• ACTION ITEM: Retype the records below exactly as they appear, but leave out any pictures.

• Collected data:
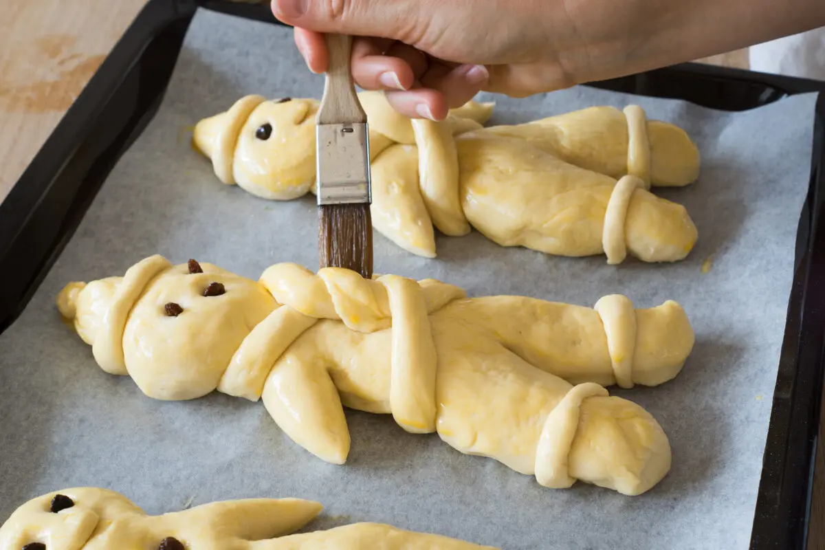Teig auf einer leicht bemehlten Fläche durchkneten und in 6 Portionen teilen. Jede Portion zu einer Figur formen – traditionell mit Kopf, Armen und Beinen. Rosinen als Augen einsetzen, Mandeln als Knöpfe oder Verzierungen.
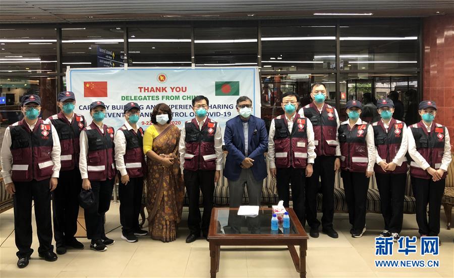 6月22日,孟加拉國(guó)衛(wèi)生和家庭福利部部長(zhǎng)馬利克(右六)等在首都達(dá)卡舉行的送行儀式上與中方專家組合影留念。中國(guó)赴孟加拉國(guó)抗疫醫(yī)療專家組圓滿完成任務(wù),于22日乘機(jī)返回祖國(guó)。孟加拉國(guó)衛(wèi)生和家庭福利部部長(zhǎng)馬利克對(duì)疫情發(fā)生以來(lái)中國(guó)給予孟加拉國(guó)的大力支持表示感謝。新華社記者劉春濤攝
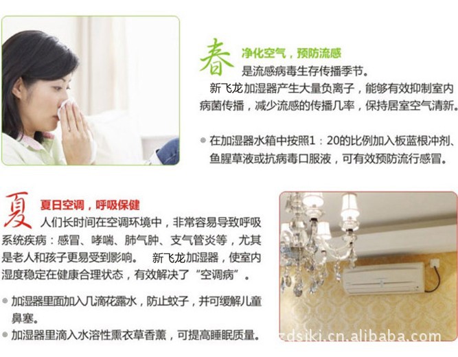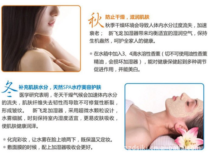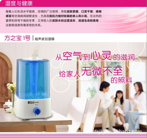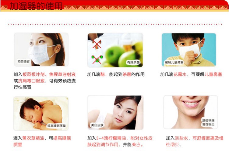 我国夏天炎热需要开空调,秋冬季及北方四季气候干燥,多风沙与干燥天气,自然气候、开空调、通暖气都会造成人体肌肤水份大量流失,加湿器可使室内空气湿润、清新。良好的空气湿度使干燥的皮肤毛孔舒张,水嫩透白,从而达到美容效果。是送给女性朋友的最好礼物。良好的空气湿度减少空气的漂浮物(如尘埃、毛发等)的产生,防止静电。居家自用送礼二相宜。湿润的空气对慢性气管炎,支气管炎,流行性感冒等疾病都有明显的辅助疗效,也是孝敬老人的绝佳礼:
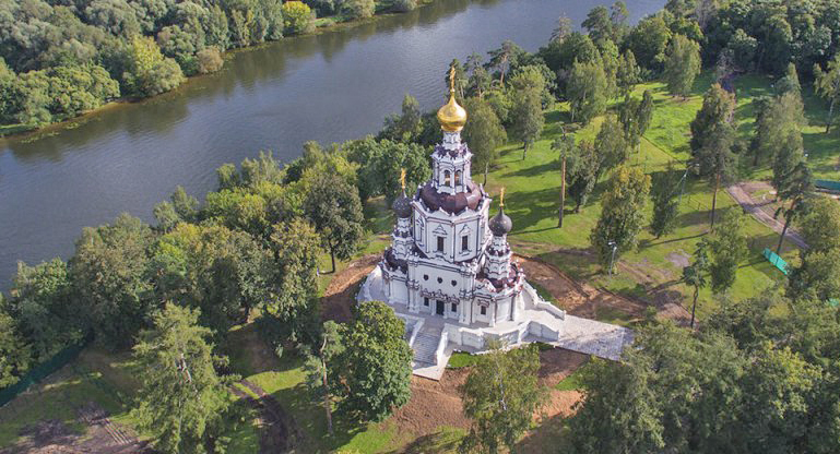 Если встать возле храма на небольшой открытой площадке над крутым, поросшим высокими деревьями склоном, перед вами откроются живописные дальние планы. Здесь, совсем рядом с современным и оживленным районом Москвы, всегда тихо и уединенно. Лишь изредка появится из-за деревьев купальщик, добравшийся вплавь из Серебряного бора, чтобы вблизи полюбоваться красотой старинного памятника.
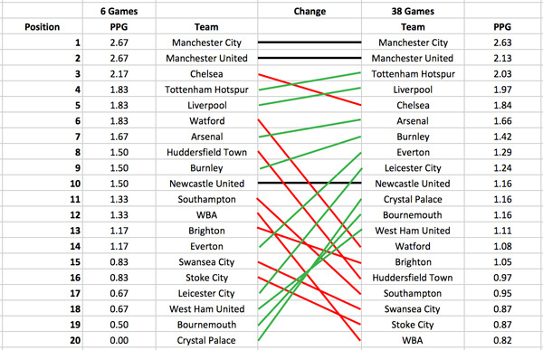 Каждый матч в футболе в рамках чемпионата той или иной страны может принести команде не более трех очков. В разрезе всей дистанции это не так уж много, но в некоторых случаях стоимость трех очков может быть выше, чем кажется. Вопрос только в том, какие победы оценивать выше? И, главное, когда победы важнее – в начале сезона, в конце или в середине? Есть несколько причин, почему одна победа может быть важнее другой, хотя в обоих случаях команда получает три очка. Например, если команда обыграла соседа по турнирной таблице или своего прямого конкурента, то такая победа будет цениться выше. Про такие матчи нередко говорят, что это встречи за шесть очков. Другой пример – победы на определенной части дистанции. В этой статье мы рассмотрим важность побед и в целом хорошего выступления в первые шесть туров. Дает ли лидерство на старте преимущество в дальнейшем? Ответ на этот вопрос мы попробуем получить на основе анализа выступления команд в одном из самых популярных чемпионатов – английско
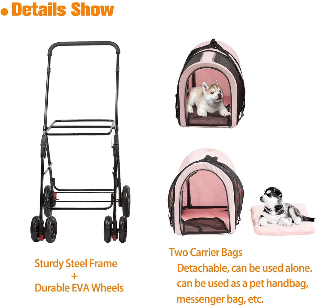 3-in-1 Multifunctional Design: The double-layer pet stroller is designed with 2 detachable pet carriers, which can be used as a pet stroller, carrier bag, car seat carrier, and even as a pet crate, and you can decide how to use it according to your different ways of going out, whether to the shop, mall, hospital, go for travel or stroll.

• ANSWER BELOW:
Teig auf einer leicht bemehlten Fläche durchkneten und in 6 Portionen teilen. Jede Portion zu einer Figur formen – traditionell mit Kopf, Armen und Beinen. Rosinen als Augen einsetzen, Mandeln als Knöpfe oder Verzierungen.
 6月22日,孟加拉國(guó)衛(wèi)生和家庭福利部部長(zhǎng)馬利克(右六)等在首都達(dá)卡舉行的送行儀式上與中方專家組合影留念。中國(guó)赴孟加拉國(guó)抗疫醫(yī)療專家組圓滿完成任務(wù),于22日乘機(jī)返回祖國(guó)。孟加拉國(guó)衛(wèi)生和家庭福利部部長(zhǎng)馬利克對(duì)疫情發(fā)生以來(lái)中國(guó)給予孟加拉國(guó)的大力支持表示感謝。新華社記者劉春濤攝
 我国夏天炎热需要开空调,秋冬季及北方四季气候干燥,多风沙与干燥天气,自然气候、开空调、通暖气都会造成人体肌肤水份大量流失,加湿器可使室内空气湿润、清新。良好的空气湿度使干燥的皮肤毛孔舒张,水嫩透白,从而达到美容效果。是送给女性朋友的最好礼物。良好的空气湿度减少空气的漂浮物(如尘埃、毛发等)的产生,防止静电。居家自用送礼二相宜。湿润的空气对慢性气管炎,支气管炎,流行性感冒等疾病都有明显的辅助疗效,也是孝敬老人的绝佳礼:
 Если встать возле храма на небольшой открытой площадке над крутым, поросшим высокими деревьями склоном, перед вами откроются живописные дальние планы. Здесь, совсем рядом с современным и оживленным районом Москвы, всегда тихо и уединенно. Лишь изредка появится из-за деревьев купальщик, добравшийся вплавь из Серебряного бора, чтобы вблизи полюбоваться красотой старинного памятника.
 Каждый матч в футболе в рамках чемпионата той или иной страны может принести команде не более трех очков. В разрезе всей дистанции это не так уж много, но в некоторых случаях стоимость трех очков может быть выше, чем кажется. Вопрос только в том, какие победы оценивать выше? И, главное, когда победы важнее – в начале сезона, в конце или в середине? Есть несколько причин, почему одна победа может быть важнее другой, хотя в обоих случаях команда получает три очка. Например, если команда обыграла соседа по турнирной таблице или своего прямого конкурента, то такая победа будет цениться выше. Про такие матчи нередко говорят, что это встречи за шесть очков. Другой пример – победы на определенной части дистанции. В этой статье мы рассмотрим важность побед и в целом хорошего выступления в первые шесть туров. Дает ли лидерство на старте преимущество в дальнейшем? Ответ на этот вопрос мы попробуем получить на основе анализа выступления команд в одном из самых популярных чемпионатов – английско
 3-in-1 Multifunctional Design: The double-layer pet stroller is designed with 2 detachable pet carriers, which can be used as a pet stroller, carrier bag, car seat carrier, and even as a pet crate, and you can decide how to use it according to your different ways of going out, whether to the shop, mall, hospital, go for travel or stroll.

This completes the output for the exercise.